Pssst? Want to buy a low-interest bond?

That’s basically what the Federal Deposit Insurance Corp. is saying to investors, who are understandably not eager to take them up on the offer. The bonds in question are part of the $114 billion in debt obligations that the agency acquired when it took over the failed Silicon Valley Bank and Signature Bank. Included in that overall foreclosure are $12.7 billion in so-called Ginnie Mae project loans, which were made to developers to build and renovate apartments for low- or moderate-income families. Those developers took out those loans before the recent rise in interest rates, which means they are paying investors (in this case, the government) much lower coupon returns than comparable newly-issued debt.
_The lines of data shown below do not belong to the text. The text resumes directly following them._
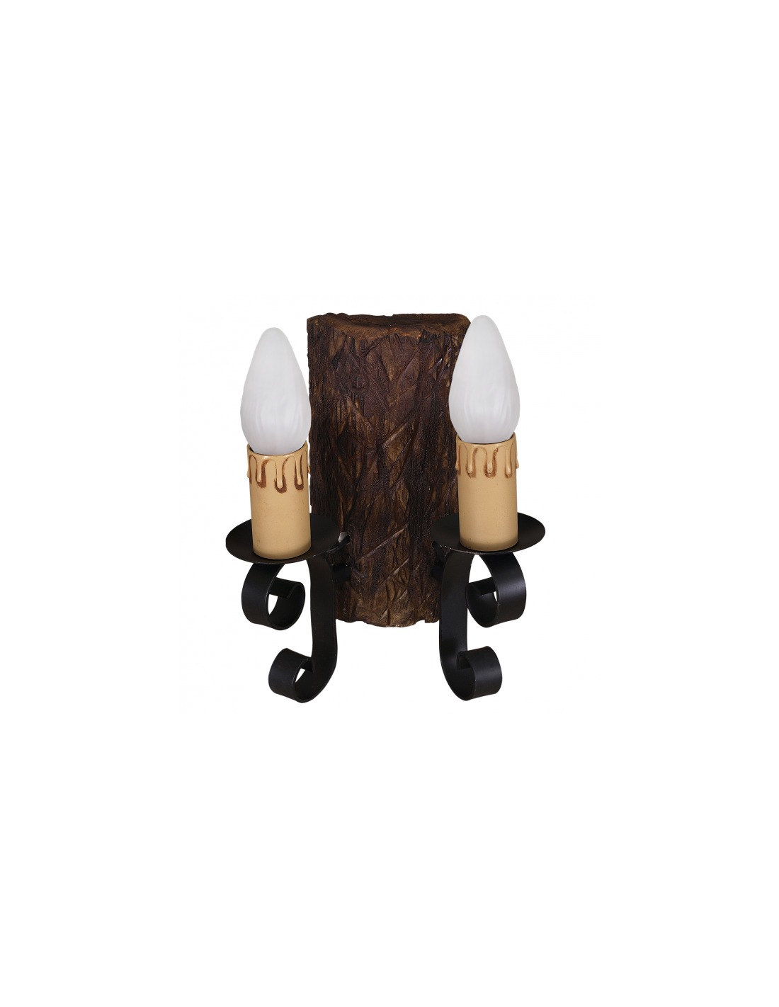 Aplique serie Tronco de dos luces. Este aplique forma parte de una familia compuesta por una lámpara de 4 y 6 luces, además de un aplique de una luz. Responde a un estilo rústico, ideal para casas de campo. Está realizado en resina que imita la madera, y metal de color negro. Utiliza dos portalámparas E27.
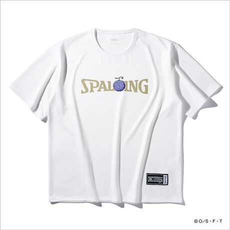 [型番:85783017]大人気TVアニメ『ONE PIECE』とのスペシャルコラボレーションアイテム。SPALDINGロゴの一部を、悪魔の実”ゴムゴムの実”に置き換えたプラクティスシャツ。使用済みペットボトルを使用したエコフレンドリーなリサイクル生地を使用しています。【SMT25104P】
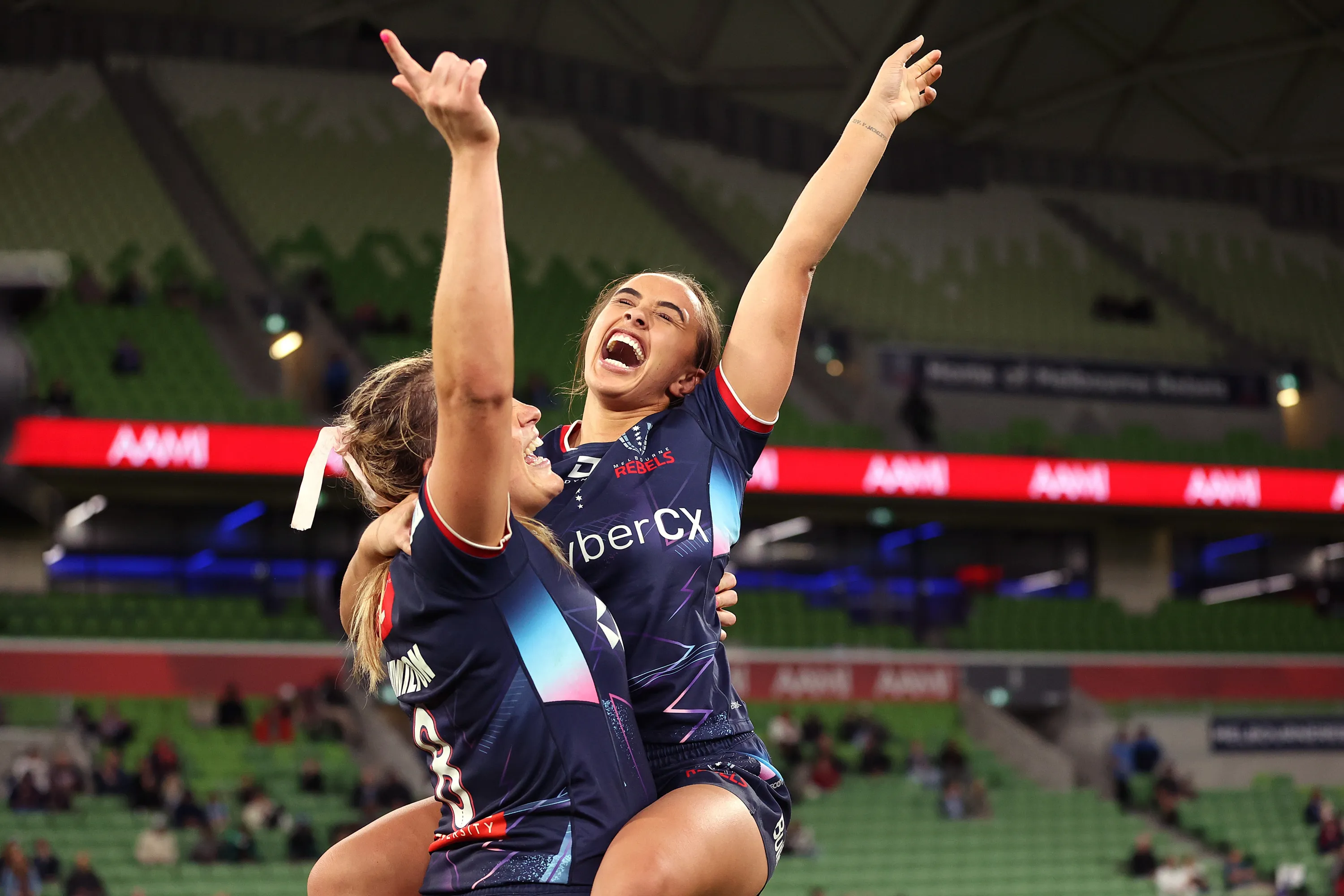 Chanelle Kohika-Skipper of the Rebels and Grace Hamilton of the Rebels celebrate winning during the round five Super Rugby Women's match between Melbourne Rebels and Fijian Drua at AAMI Park on April 13, 2024 in Melbourne, Australia. (Photo by Kelly Defina/Getty Images)
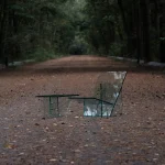 “c.1[g]” a glass lounge chair with no visible connections, which comes along a glass side table. The glass chair exemplifies a fascination with immateriality and transparency. Formed solely from planes of clear glass, the chair’s solid state seems to dissolve. Almost invisible, these planes, without tangible support, hang in the air.
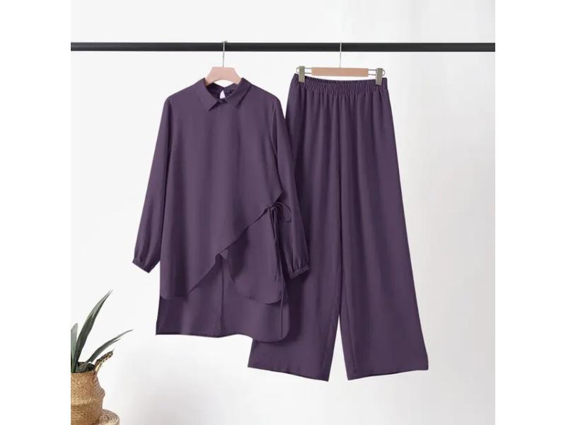 Κομψό σετ με ασύμμετρη πουκαμίσα και φαρδύ παντελόνι σε σκούρο μοβ χρώμα Προσφέρει άνεση και στυλ για κάθε περίσταση
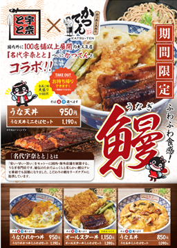 「できたてのかつ丼・天丼をもっと手軽に」がコンセプトの「かつてん」と、“神コスパ”としてSNSを中心に話題を集める鰻専門店「名代 宇奈とと」が、強力タッグ!「かつてん」店舗にてかつ丼・天丼と鰻のコラボレーションメニューを7月11日から期間限定で販売します。
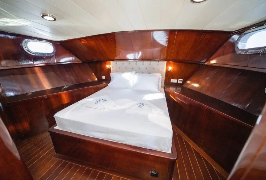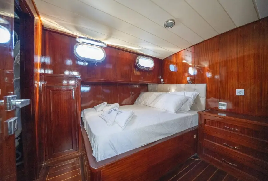 The gulet is designed to accommodate guests in comfort, with a total of three cabins: one master cabin and two double cabins. Each cabin is tastefully decorated, providing a cozy retreat after a day of sailing. The master cabin is the epitome of luxury on board, offering ample space, a comfortable bed, and en-suite bathroom facilities. The decor is elegant yet understated, creating a relaxing environment that complements the natural beauty outside. The two double cabins are equally inviting, designed with the same attention to detail as the master cabin. Each comes with its own en-suite bathroom, ensuring privacy and comfort for all guests.

Bloomberg has reported that the total pool of these project loans is nearly as large as the average yearly issuance for these types of securities, which means that dumping them on the market will shift the supply and demand equation fairly dramatically, further depressing the bonds’ attractiveness in the marketplace. And yet the FDIC doesn’t have a mandate to hold the bonds until maturity. 

What to do? It’s possible that somebody will take these stinkers off the hands of the government. But right now the lesson is that whenever the government has to take over a bank, there’s a good chance the assets it seizes in the process aren’t going to be tremendously valuable. That’s why the banks went under in the first place.